Leg 6 to Auckland, day 05 on board Brunel. Reaching. Wet deck. Louis Balcaen. 11 February, 2018.
Yann Riou—Volvo Ocean Race Leg 6 to Auckland, day 5 on board Brunel. Reaching on Feb. 11, 2018.

Every year, eight million metric tons of plastic end up in the world’s seas. Coral reefs, sometimes called the rainforests of the sea, are being infected by billions of pieces of plastic. And according to some estimates, by 2050 the world’s oceans will be filled with more plastic mass than fish mass.

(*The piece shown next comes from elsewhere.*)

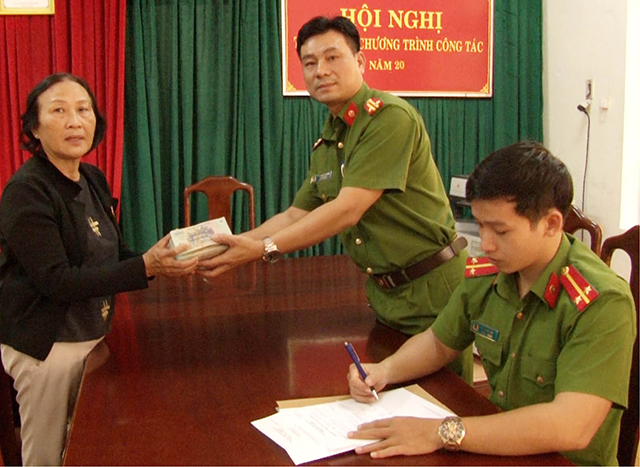 Đội Cảnh sát hình sự Công an TP. Huế trao trả tiền cho người dân bị kẻ gian lấy trộm

“This year we decided to take a step further integrating sustainability … especially tacking plastic pollution,” says Anne-Cecil Turner, sustainability program leader of the race. “Empowering people to take action at every level, from the general public to the government.”

Research from Turn the Tide on Plastic found microplastic particles in the Southern Atlantic Ocean, west of South Africa, in Australian waters, and even near the far reaches of the Antarctic Ice Exclusion Zone.

Says Caffari, who’s the only female skipper in this year’s race: “This is my sixth time around the world and I see it deteriorating each time I go around.”

Since departing Hong Kong last week, the yachts are now on Leg 6, charging their way through the Coral Sea to Auckland, New Zealand. After a stopover in Auckland the crews will take on the toughest and most important leg — 7,600 nautical miles across the mighty Southern Ocean, where they will contend with storms, huge waves, icebergs and the legendary Cape Horn — as they race to the Brazilian city of Itajaí.